RE: [Axiom-developer] CCL maintenance.
Tue, 12 Jun 2007 17:54:51 +0100 (GMT Standard Time)
As term comes to an end I re-scanned the Axiom list and observe the
discussion about CCL. Those who view the parenthesised abstract machine
with bignum arithmetic and a garbage collector as separate from Axiom
itself are liable to want to fall in with whatever standards Common/ANSI
Lisp purveys. If they are careful they will limit themselves to using JUST
the standardised facilities so that they have multiple "vendors" of that
An alternative view (which is closer to the one I have) is that code at
that level can serve more like a kernel for an algebra system, and that
almost nobody writes "(de foo (...))" directly. As little as possible of
that is written to allow a bootstrap process to lift the bulk of coding to
a higher level. That sort of stuff may be the output of a translator from
a higher level notation, but the output from translators is essentially
guaranteed to be stylised and readily controllable. If the "lisp" becomes
a dedicated kernel for an algebra system one loses a big vibrant
world-wide community of Lisp developers maintaining it for the benefit of
other projects. Hmmm - I do not know how many of such there actually are!
What one gains is the chance to have something significantly smaller and
thus cheaper to support than FULL Lisp, and a chance to embed system
interfaces within it where that helps flexibility of performance.
If the Axiom Community takes the first of these views then CCL is
not of great interest to it, regardless of the use it had in the NAG days.
If that is the case I would view it as sensible to remove the achchaic
snapshop of my code from the Axiom servers since if it just sits there it
causes a confusion.
For what it is worth these are some of the characteristics of CCL that may
have caused NAG to view it as a plausible route...
(1) Way back, machines did not have as much memory as they do now and use
of Axiom REQUIRED machines of a scale that limited potential uptake. CCL
provided a modest footprint compared with alternatives and that made a big
difference to real-world performance. The world has probably changed
since then! Enthusiasts in well funded labs had the big machines and did
not need to worry, but everybody who was not a specially funded specialist
(2) Geography and time-zones meant that from Cambridge in England it was
easy to talk to NAG in Oxford, and I have previously worked with Griesmer,
Jenks and Blair back in the Scrathpad days.
(3) CCL is designed not for developers but for delivery.
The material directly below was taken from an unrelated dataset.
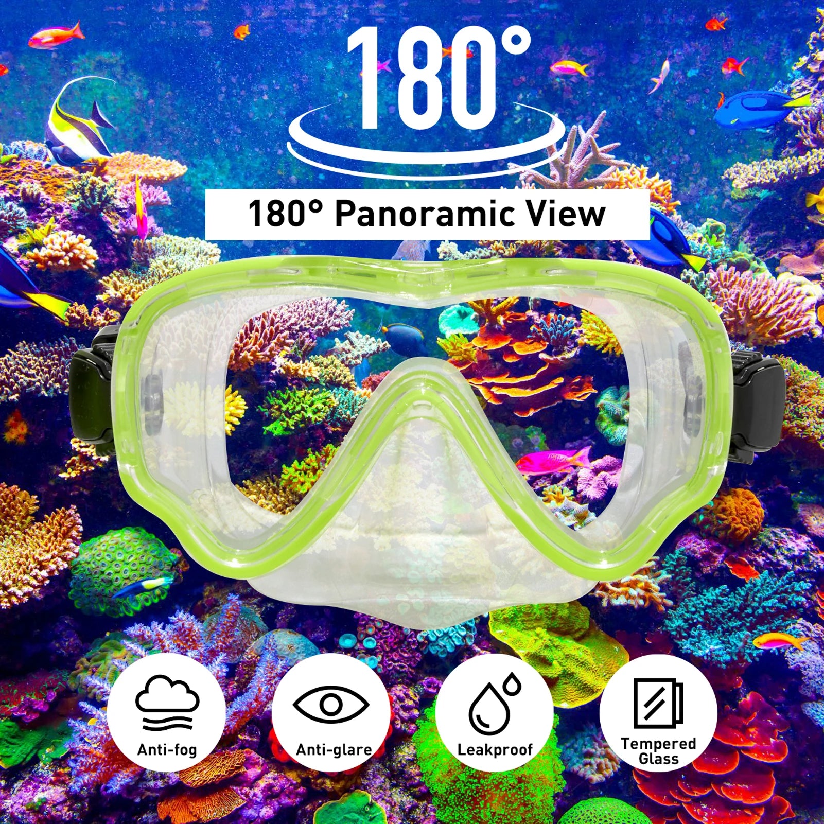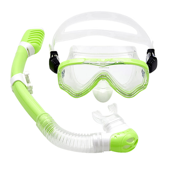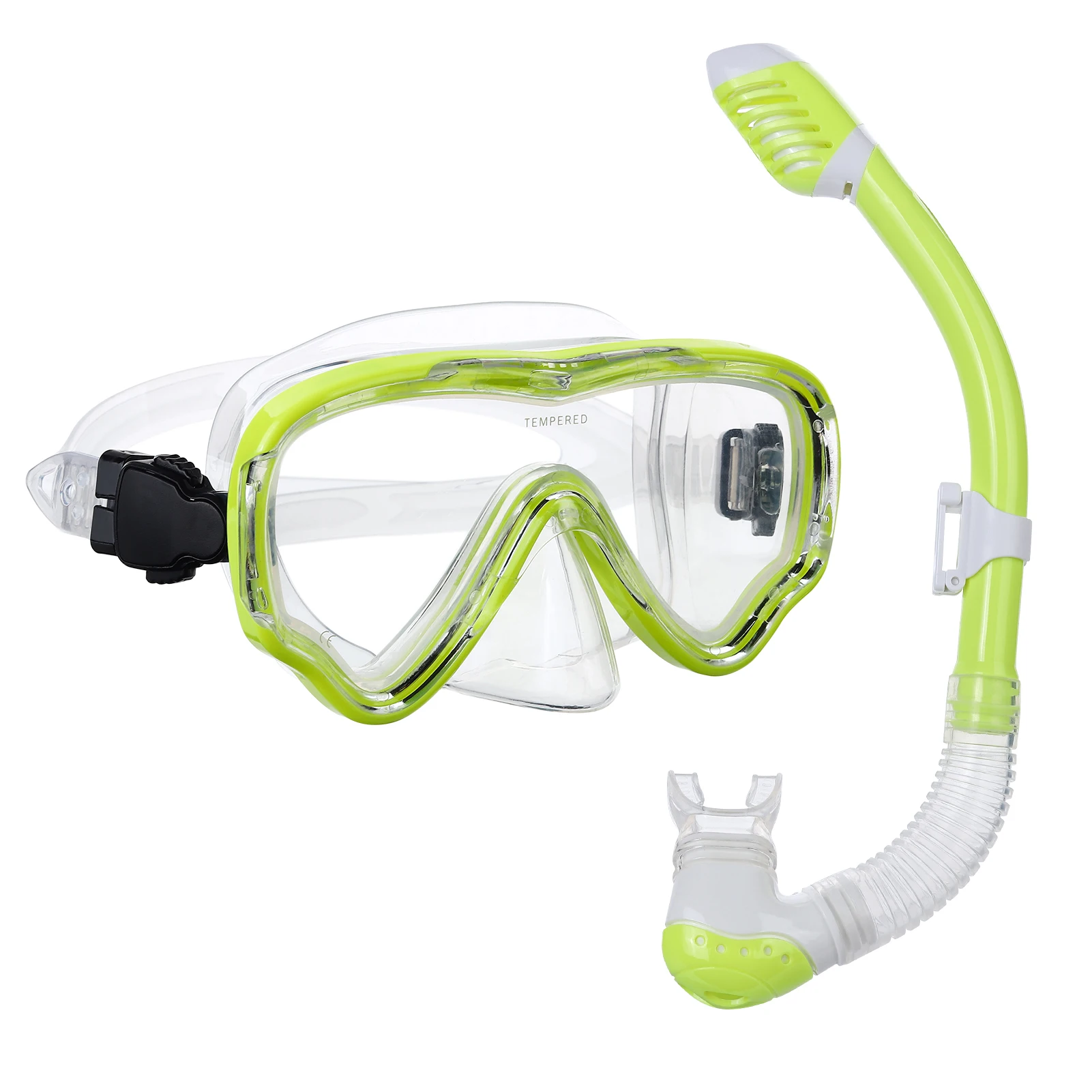 Dry Top Snorkel Set with Impact Resistant Tempered Glass Diving Mask Watertight and Anti-Fog Lens Snorkel Mask Kids Snorkel Set

(a) Most code is converted into compact bytecodes. But when one has
built a system that way you can profile it to identify hot-spot
functions. Those can then be off-line compiled into C that is
statically linked into the CCL kernel. The scheme these is MUCH less
flexible than the usual compile-via-C Lisp, but then it is MUCH
easier! With say 10% of the whole code compiled into C one hopes for
80% of the performance of a fully native-compiled system, but with
much less bulk of compiled code. And the customer who then got a CD
or the simple mathmatician who would now just download a pre-built
binary just sees a smaller system and does not care about how or
what gets compiled when.
(b) CCL keeps all its loadable modules within a single file along
with the initial heap image that it will reload when started.
So Axiom (eg) could ship as a native executable file plus this
image file (plus documentation directories etc). This keeps
everything together in one place and reduces risks of muddle if
one sub-file gets lost or mangled.
(c) The image files for CCL contain bytecoded definitions (plus
references to stuff compiled into C and linked into the kernel)
and are machine independent. Well strctly you need to make one
image for 32-bit and another for 64-bit platforms, but with more
work I could fix that too. So to make a release you compile a
simple fairly flat directory of cautiously portable C to make
an executable. You use that to make an image file, and while you
need to build executables for each platform your one image file
can be shipped for Linux, Solaris, Windows, Mac, SGI, HP, ...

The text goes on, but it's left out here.